_Given material:_
┏━━
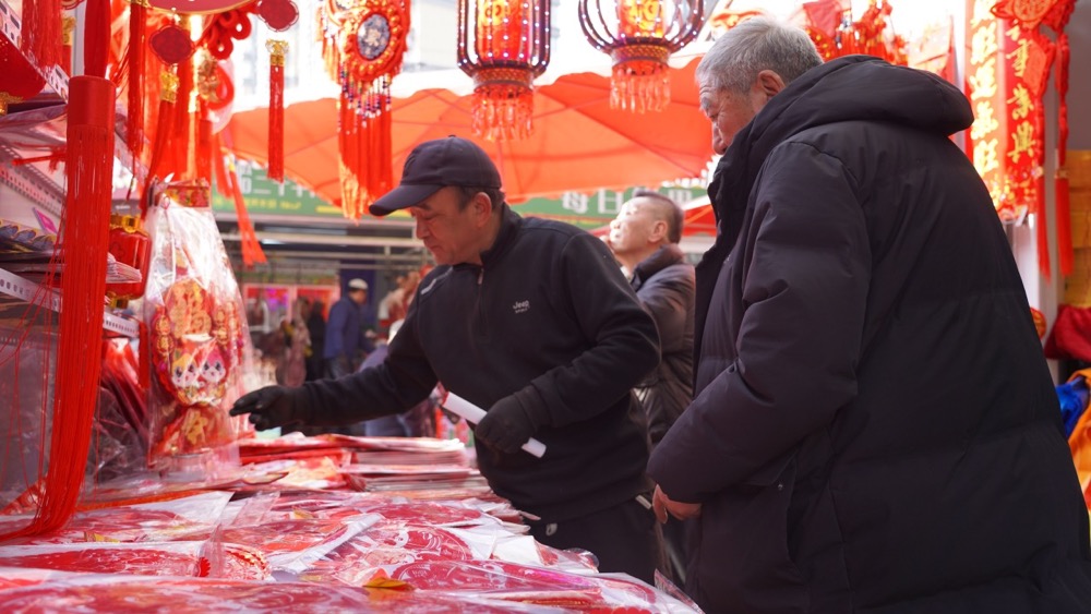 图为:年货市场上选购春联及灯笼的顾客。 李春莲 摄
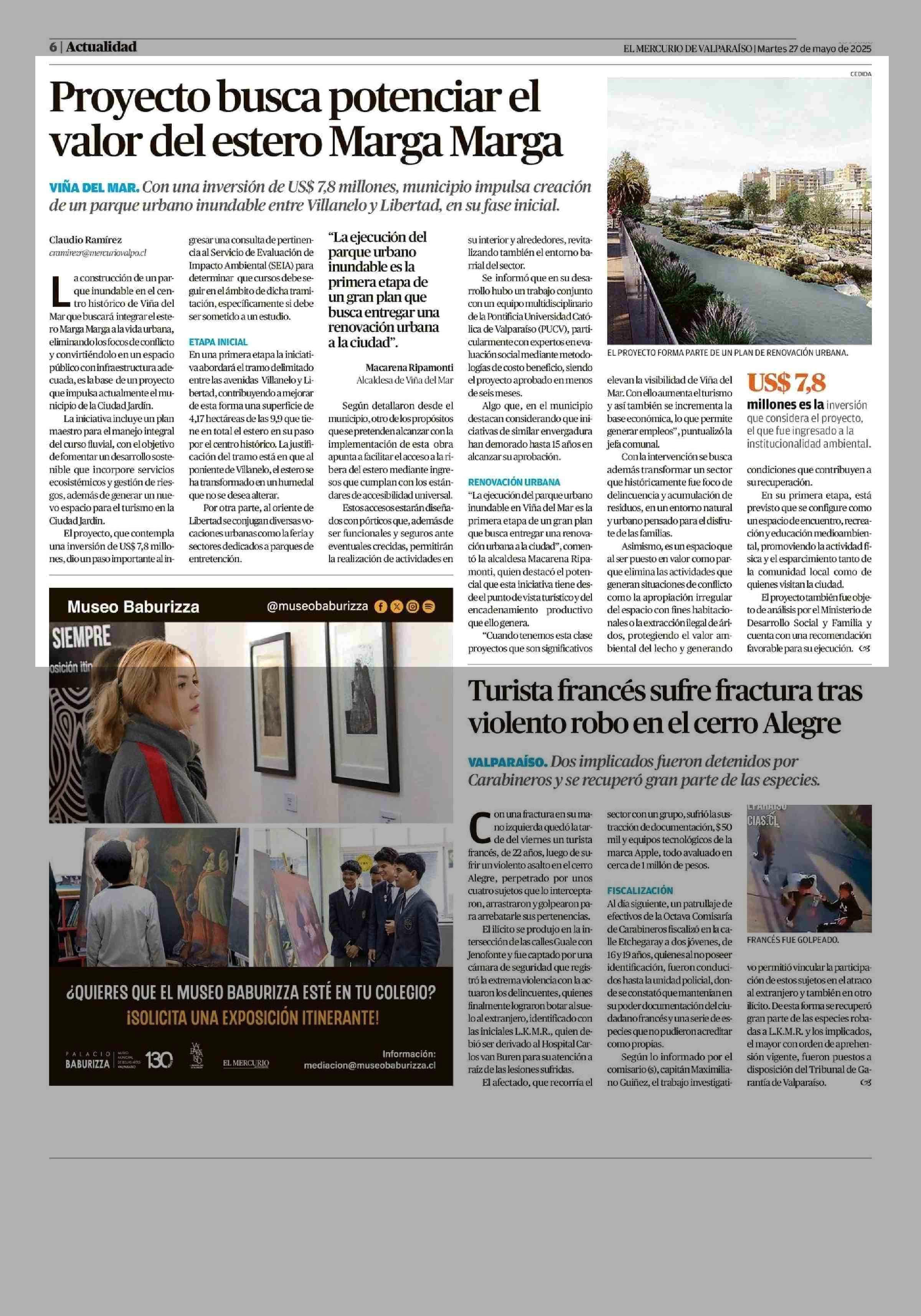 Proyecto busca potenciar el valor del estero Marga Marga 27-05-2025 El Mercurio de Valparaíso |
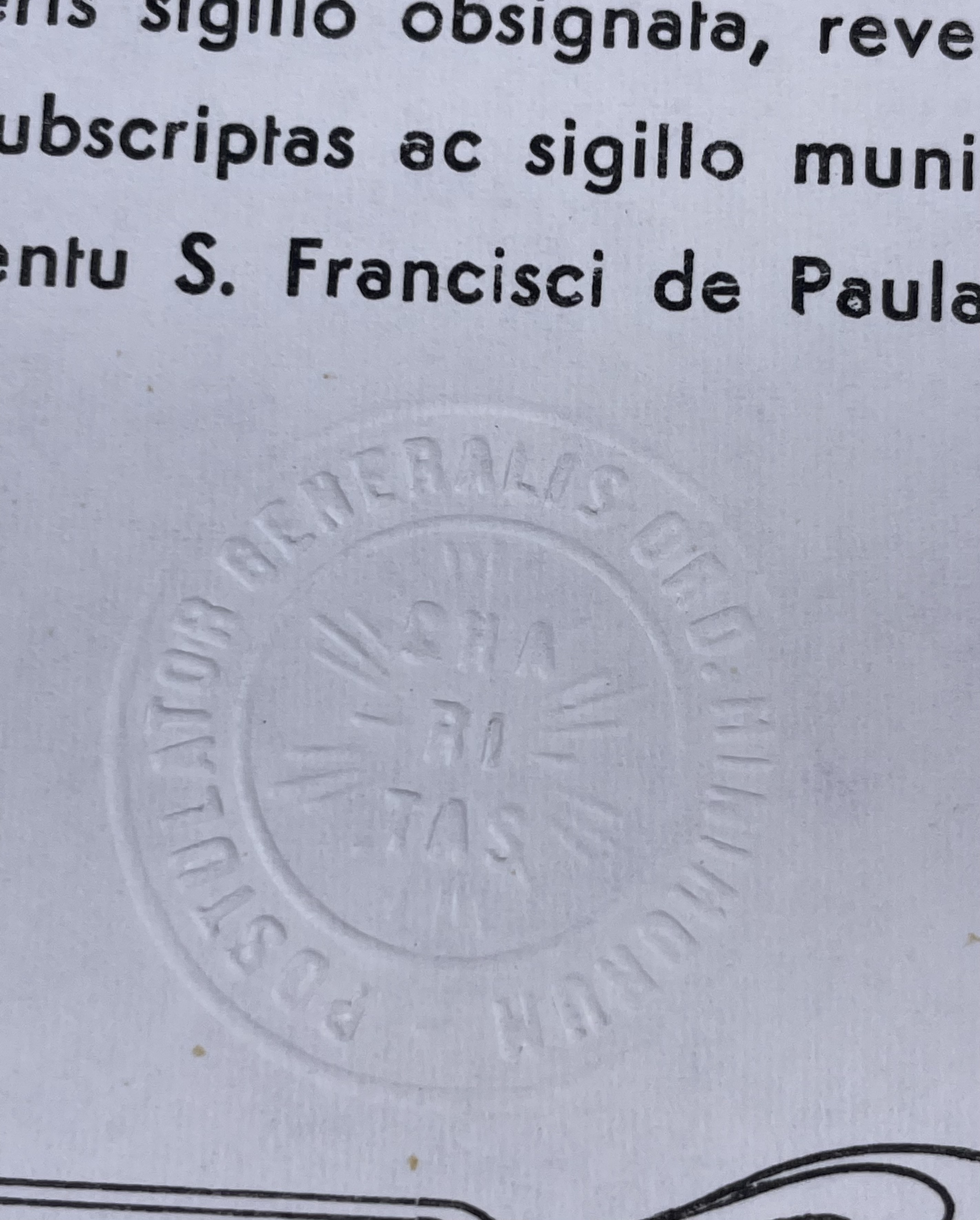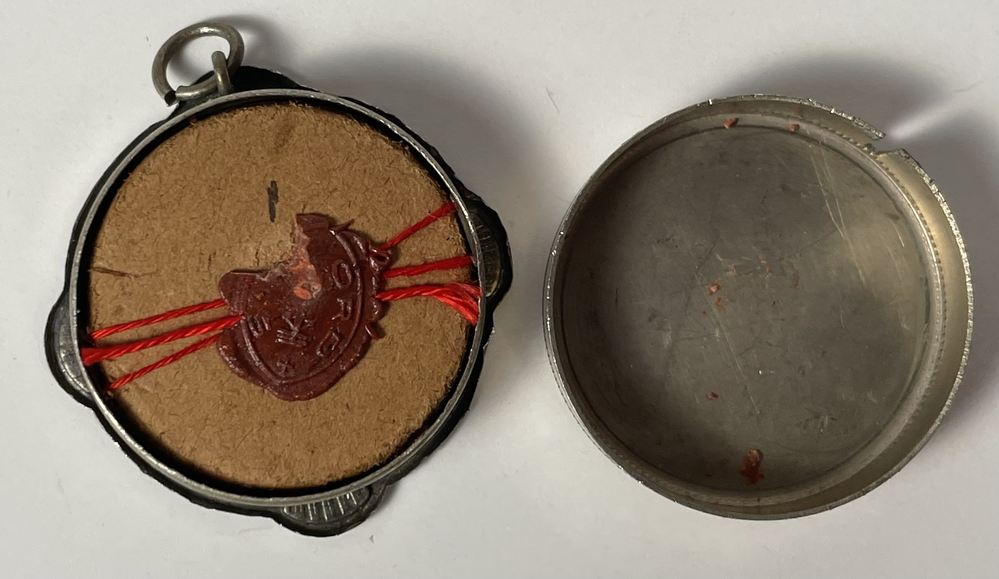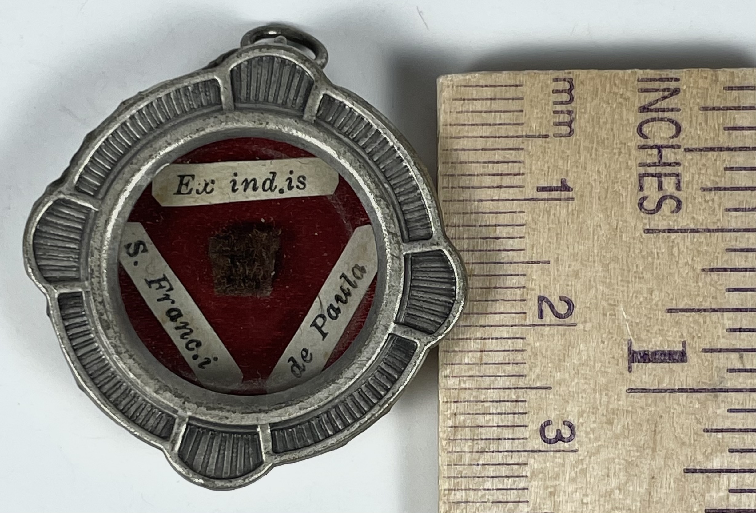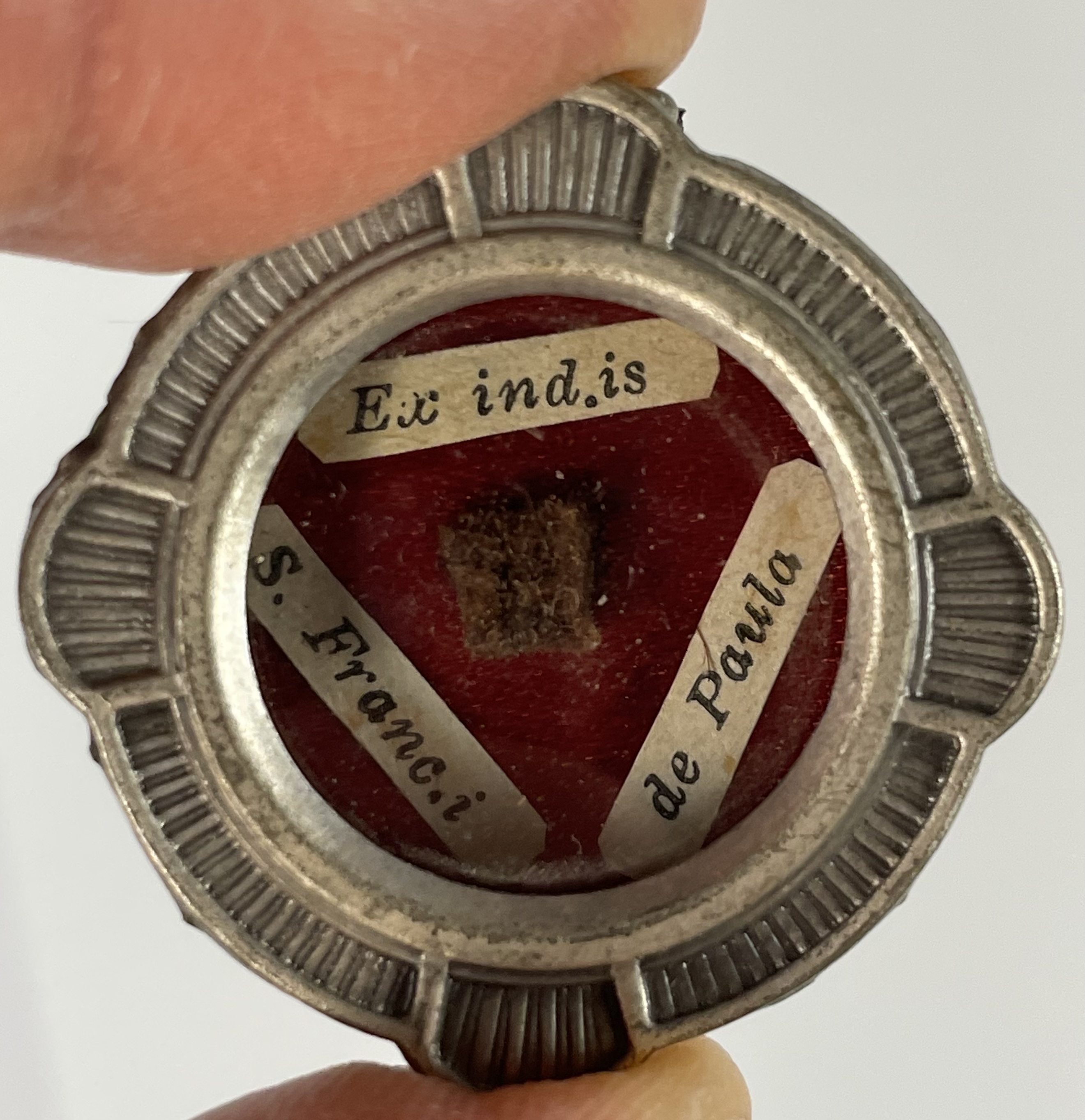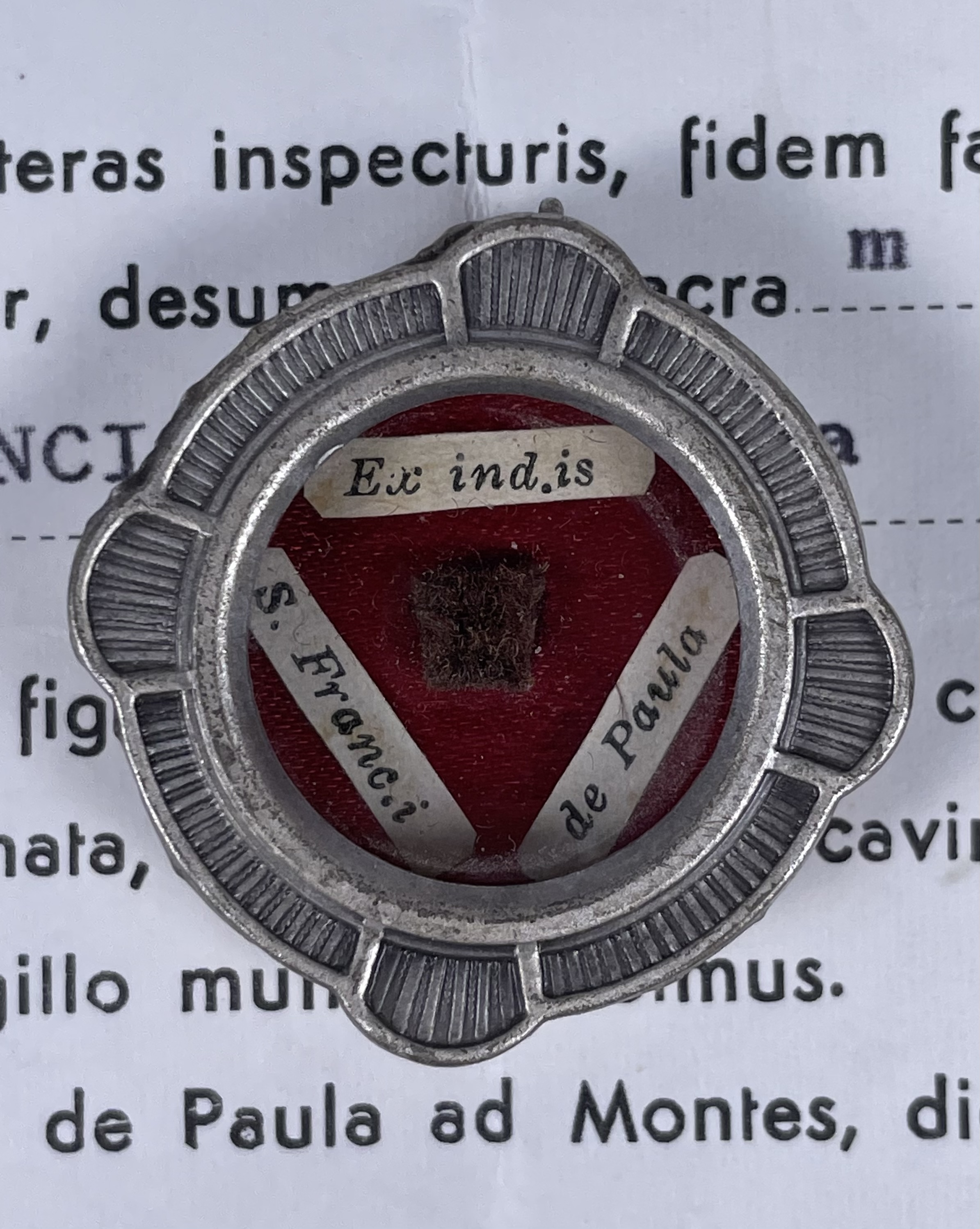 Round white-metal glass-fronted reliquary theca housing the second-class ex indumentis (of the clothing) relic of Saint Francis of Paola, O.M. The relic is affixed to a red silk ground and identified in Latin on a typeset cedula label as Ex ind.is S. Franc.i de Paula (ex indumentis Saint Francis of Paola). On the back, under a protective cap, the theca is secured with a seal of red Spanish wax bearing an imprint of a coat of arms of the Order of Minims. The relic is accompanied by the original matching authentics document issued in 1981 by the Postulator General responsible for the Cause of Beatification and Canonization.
┗━━
_Work order:_ When you reproduce the material, keep every word exact and leave each picture out.

_Task response:_
 图为:年货市场上选购春联及灯笼的顾客。 李春莲 摄
 Proyecto busca potenciar el valor del estero Marga Marga 27-05-2025 El Mercurio de Valparaíso |
 Round white-metal glass-fronted reliquary theca housing the second-class ex indumentis (of the clothing) relic of Saint Francis of Paola, O.M. The relic is affixed to a red silk ground and identified in Latin on a typeset cedula label as Ex ind.is S. Franc.i de Paula (ex indumentis Saint Francis of Paola). On the back, under a protective cap, the theca is secured with a seal of red Spanish wax bearing an imprint of a coat of arms of the Order of Minims. The relic is accompanied by the original matching authentics document issued in 1981 by the Postulator General responsible for the Cause of Beatification and Canonization.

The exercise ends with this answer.